Source records:
↓↓↓

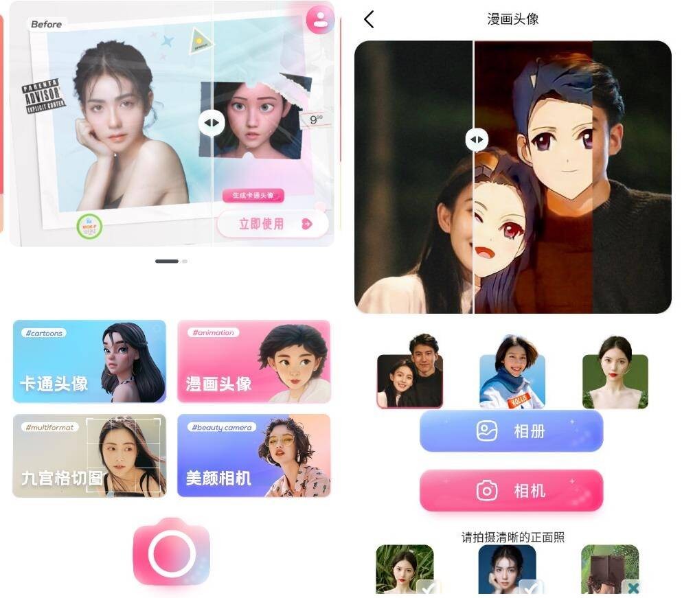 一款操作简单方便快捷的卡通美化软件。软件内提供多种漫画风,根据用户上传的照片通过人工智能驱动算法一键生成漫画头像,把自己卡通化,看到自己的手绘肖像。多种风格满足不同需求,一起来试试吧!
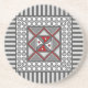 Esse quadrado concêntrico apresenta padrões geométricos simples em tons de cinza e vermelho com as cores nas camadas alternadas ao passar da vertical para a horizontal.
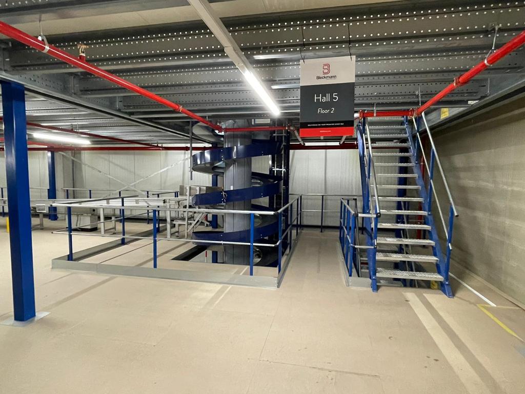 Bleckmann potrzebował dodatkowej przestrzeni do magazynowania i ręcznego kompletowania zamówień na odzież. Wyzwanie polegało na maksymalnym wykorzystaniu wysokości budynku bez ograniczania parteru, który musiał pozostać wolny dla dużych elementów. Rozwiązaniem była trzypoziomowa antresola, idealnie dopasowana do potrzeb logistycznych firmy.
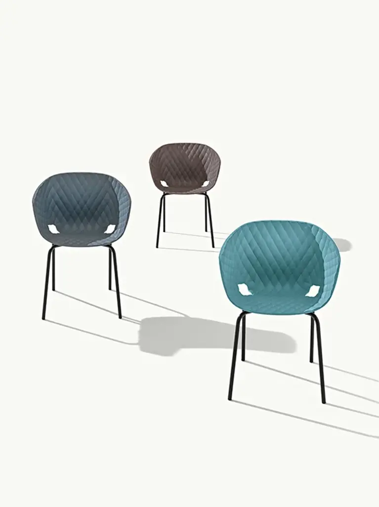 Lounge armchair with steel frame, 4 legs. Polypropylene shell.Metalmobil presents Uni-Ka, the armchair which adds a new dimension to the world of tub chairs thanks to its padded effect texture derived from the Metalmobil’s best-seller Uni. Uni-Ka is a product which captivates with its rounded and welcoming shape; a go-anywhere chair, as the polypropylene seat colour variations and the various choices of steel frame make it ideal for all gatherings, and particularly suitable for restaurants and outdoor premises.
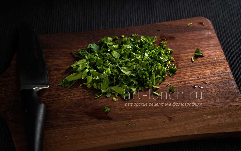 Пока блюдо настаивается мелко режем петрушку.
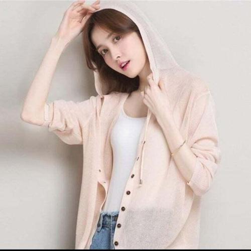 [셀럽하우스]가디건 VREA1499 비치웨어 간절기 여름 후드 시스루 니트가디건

↑↑↑

Restate word for word every line from the one with "Esse quadrado concêntrico" up to and including the one with "Bleckmann potrzebował dodatkowej" in the records above, minus the pictures.

## Problem solution
 Esse quadrado concêntrico apresenta padrões geométricos simples em tons de cinza e vermelho com as cores nas camadas alternadas ao passar da vertical para a horizontal.
 Bleckmann potrzebował dodatkowej przestrzeni do magazynowania i ręcznego kompletowania zamówień na odzież. Wyzwanie polegało na maksymalnym wykorzystaniu wysokości budynku bez ograniczania parteru, który musiał pozostać wolny dla dużych elementów. Rozwiązaniem była trzypoziomowa antresola, idealnie dopasowana do potrzeb logistycznych firmy.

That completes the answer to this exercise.